Son stoïcisme lui vaut le respect de la haute hiérarchie qui, dès le retour du PCT aux affaires, lui confie l’animation de la circonscription stratégique de Pointe-Noire, foyer économique du pays.
Témoignages émus des camarades
Ambroise Bayakissa, secrétaire à la communication de la fédération, a salué un responsable « loyal, calme et pointilleux » dont les recommandations, même dictées depuis un lit d’hôpital, continuaient d’orienter les séances hebdomadaires du comité.
Jean Théophile Ilobakima, chargé de la mobilisation, a rappelé leurs années de clandestinité : « Parler peu, faire beaucoup, telle était sa devise. » Pour lui, Loandjili perd un pilier et Pointe-Noire un artisan de la cohésion interne.
Les membres du comité central présents ont unanimement souligné sa capacité à associer la base aux décisions, pratique aujourd’hui recommandée dans les manuels de formation du parti pour renforcer la démocratie interne.
Le regard attentif du Premier ministre
Anatole Collinet Makosso, premier ministre, a lui-même pris la parole, visiblement affecté. Il a rappelé combien la vigilance de son conseiller technique l’aidait à suivre les préoccupations des collectivités locales, condition essentielle du développement national.
« L’État vient de perdre un serviteur loyal et rigoureux », a reconnu le chef du gouvernement, promettant que les chantiers évoqués par le défunt dans ses notes seront poursuivis avec la même exigence de résultats.
Après le dépôt de la gerbe officielle, le Premier ministre a longuement serré les mains de la famille, affirmant que le souvenir de Davez Eloko guidera le dialogue permanent entre l’exécutif et les élus de Loandjili.
Héritage politique et leçon de loyauté
Sur fond de chants révolutionnaires, la dépouille a quitté le siège sous les applaudissements, direction Pointe-Noire où d’autres hommages populaires sont prévus avant l’inhumation dans le cercle familial.
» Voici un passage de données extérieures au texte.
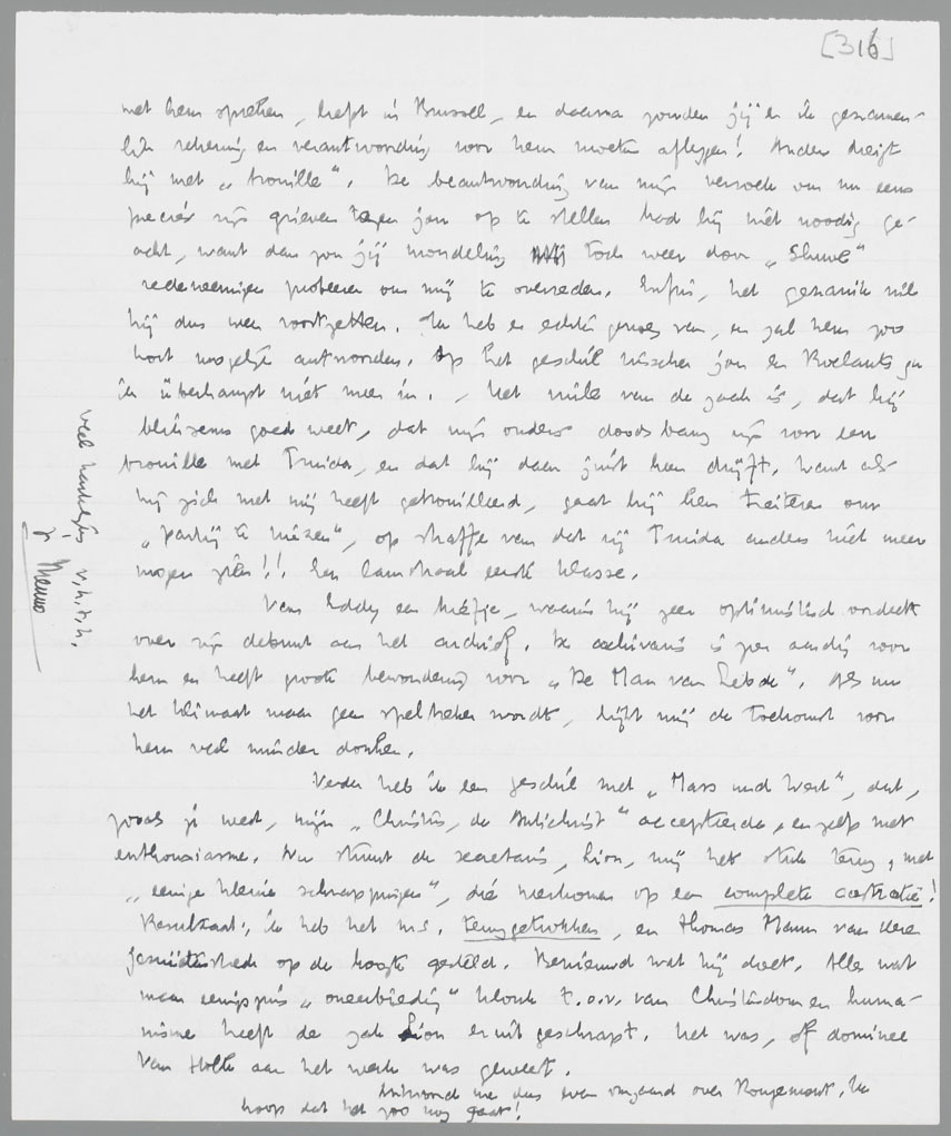 Verder heb ik een geschil met ‘Mass und Wert’, dat, zooals je weet, mijn ‘Christus, de Antichrist’ accepteerde, en zelfs met enthousiasme. Nu stuurt de secretaris, Lion, mij het stuk terug, met ‘eenige kleine schrappingen’, die neerkomen op een complete castratie! Resultaat: ik heb het ms. teruggetrokken, en Thomas Mann van dezen jezuïetenstreek op de hoogte gesteld. Benieuwd wat hij doet. Alles wat maar eenigszins ‘oneerbiedig’ klonk t.o.v. van Christendom en humanisme heeft de zak Lion er uitgeschrapt. Het was, of dominee van Holk aan het werk was geweest.
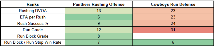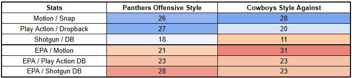 The Cowboys are also highly susceptible to motion and play action... but the Panthers don't use either at a high rate, again highlighting the potential for them to leave meat on the bone.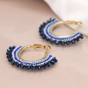 Golden hoop earrings with blue mix striped multi bead fan detail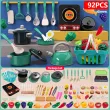Kids Kitchen Toys Set 92/86/69/59PCS Play Kitchen Accessories Kit with Play Pots Pretend Food Cooking Toy Toddler Girls Boy Gift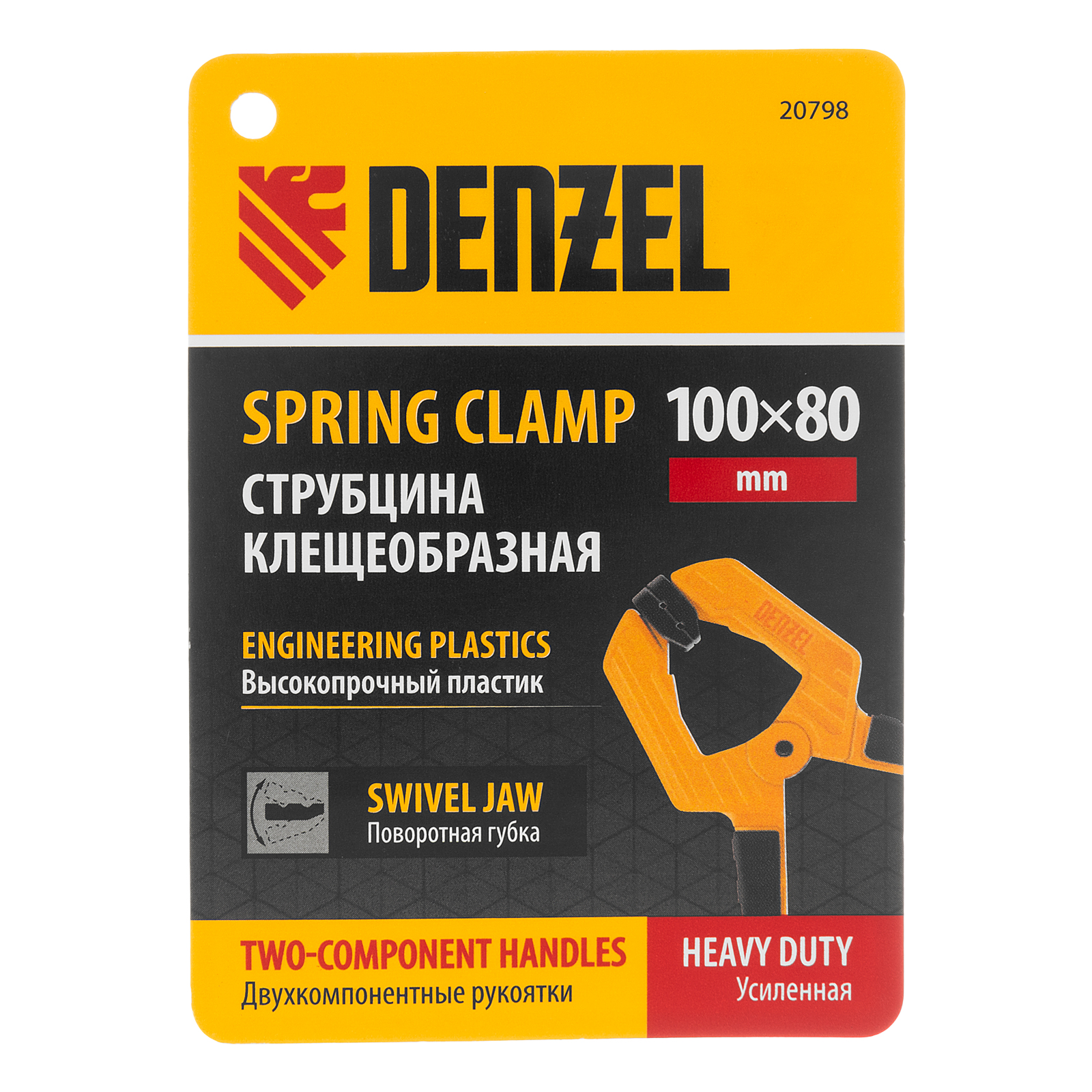 Струбцина клещеобразная, усиленная 100 х 80 мм, двухкомпонентные рукоятки Denzel в Воронеже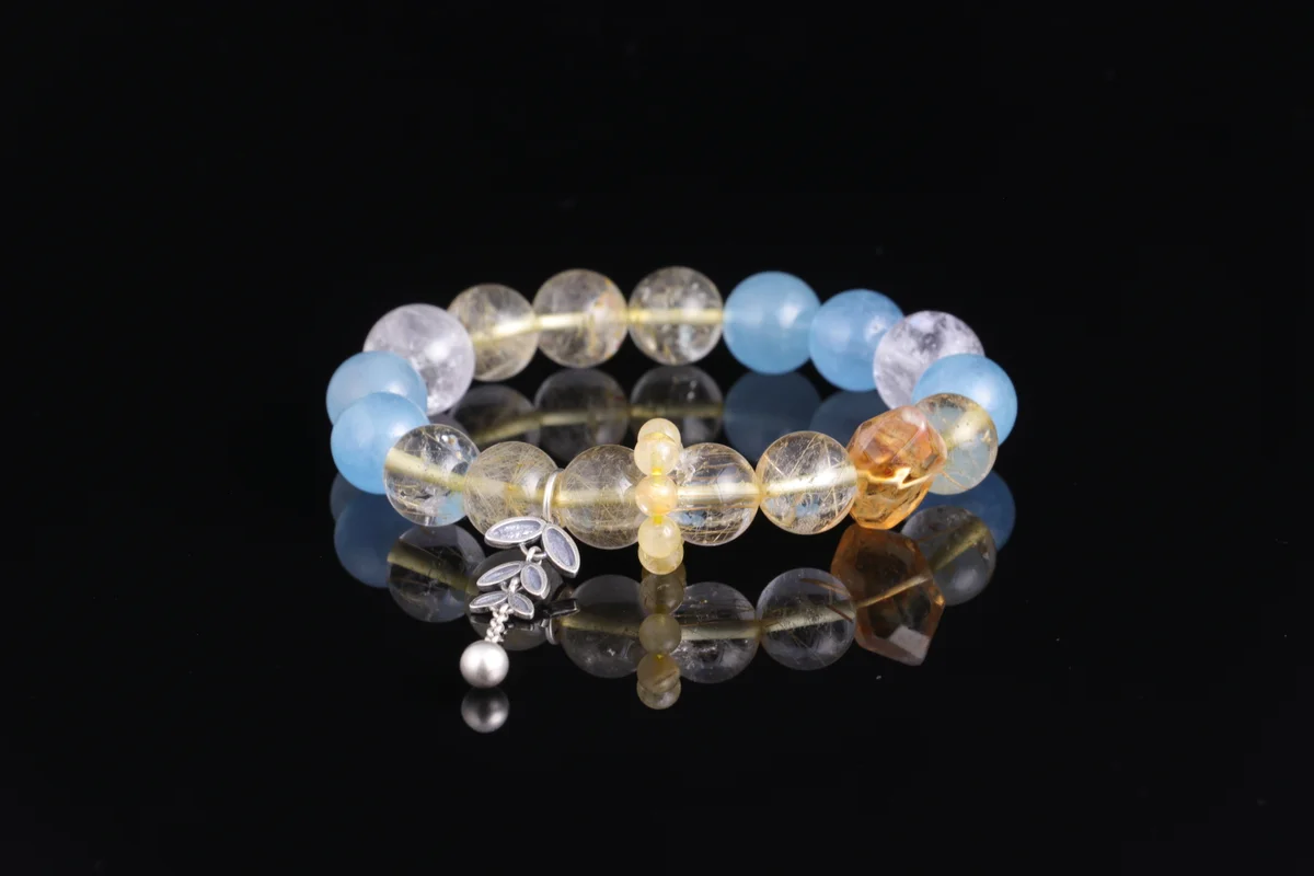 -36%天然海藍寶金髮晶白阿塞手串 生辰定制五行能量水晶 招財轉運根基手鏈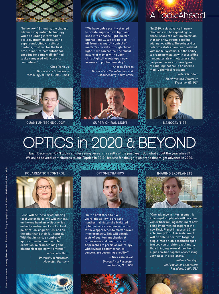Each December, OPN looks at interesting research results of the past year. But what about the year ahead? We asked several contributors to our "Optics in 2019" feature for thoughts on areas that might advance in 2020.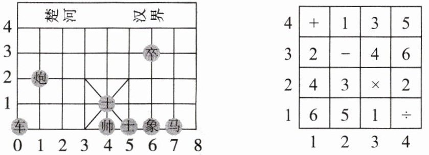 (1)下面左图是中国象棋棋盘的一部分。如果“帅”的位置用数对表示是(4,0),那么“炮”的位置用数对表示是(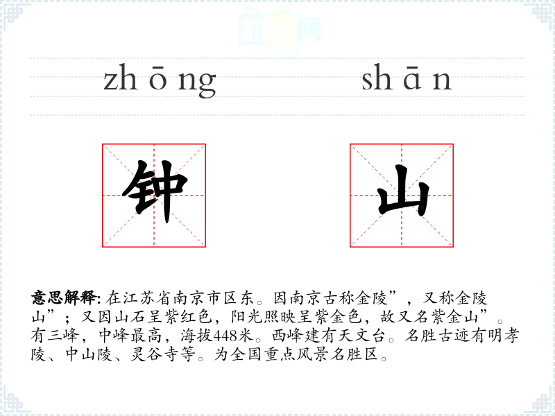 1.在江苏省南京市区东。因南京古称金陵”,又称金陵山”;又因山石呈紫红色,阳光照映呈紫金色,故又名紫金山”。有三峰,中峰最高,海拔448米。西峰建有天文台。名胜古迹有明孝陵、中山陵、灵谷寺等。为全国重点风景名胜区。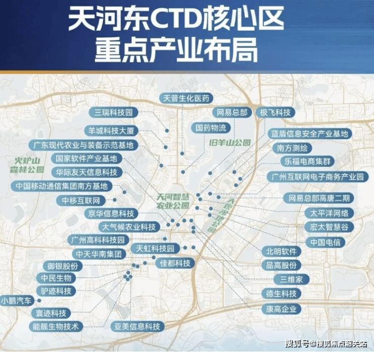 天河润府坐落于天河智谷,地处广州科技中轴的中央科创区(CTD),与珠江新城、金融城CBD形成“双核驱动”格局,是湾区战略中科技创新与产业升级的关键节点。区域内汇聚网易、中国移动、小鹏等2500多家高新企业,总年产值预计达1100亿,形成以5G、人工智能、高端软件为主导的产业集群,成为广州第四增长极。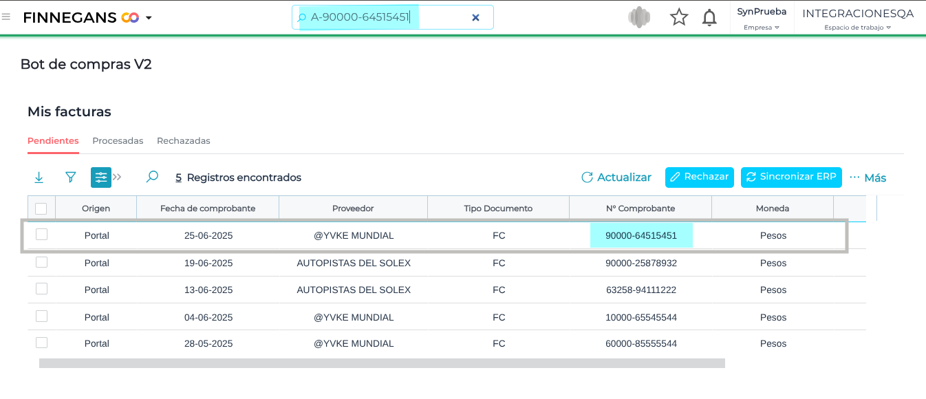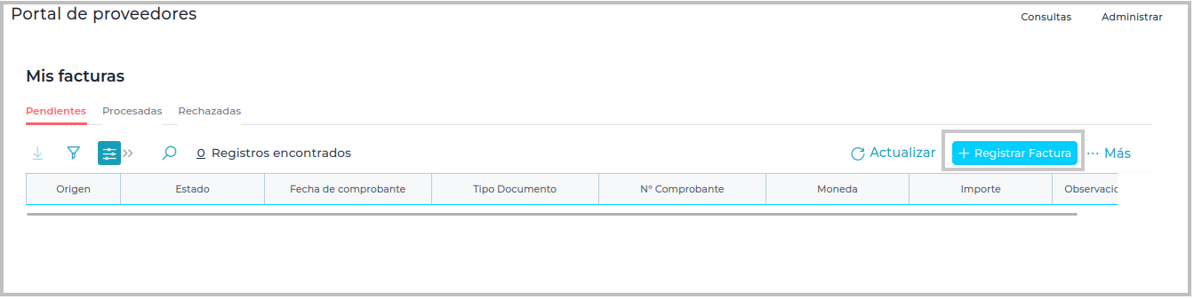 2- Ir Aplicaciones–> Portal de Proveedores → Mis facturas, se verifica que el botón Registrar Factura manual desde la solapa de pendientes está presente.

Pour les jeunes militants présents, la trajectoire du disparu illustre l’idée qu’un engagement patient et discipliné peut ouvrir la voie à des responsabilités nationales, même dans les périodes les plus difficiles.
Le secrétariat général du PCT a annoncé la création prochaine d’un prix interne Davez Eloko Ebouka qui récompensera chaque année un cadre ayant fait preuve d’exemplarité, perpétuant ainsi la mémoire de l’homme et son sens du devoir.
Perspectives pour la fédération de Pointe-Noire
Le premier secrétaire fédéral de Pointe-Noire a profité de la cérémonie pour annoncer un programme de renforcement des cellules de quartier, inspiré des méthodes de terrain éprouvées par le défunt, visant notamment à mieux intégrer les associations de jeunes et de femmes.
Un message d’unité nationale
Dans son allocution finale, Pierre Moussa a insisté sur l’importance de transformer la douleur en énergie constructive, invitant chaque militant à renforcer les ponts entre Brazzaville et les départements, conformément à la vision de solidarité prônée par le chef de l’État.
Le secrétariat a, en outre, remercié les délégations de la diaspora pour leur présence et leurs messages, soulignant que l’engagement d’Ebouka transcende les frontières et peut servir de modèle aux Congolais installés à l’étranger.
Derniers hommages et suite des cérémonies
Selon le programme officiel, une veillée ouverte au public se tiendra au gymnase de Loandjili, suivie d’une messe en la cathédrale Saint-Pierre-Claver. Les autorités locales annoncent un moment de recueillement civique pour permettre aux habitants d’exprimer leur gratitude.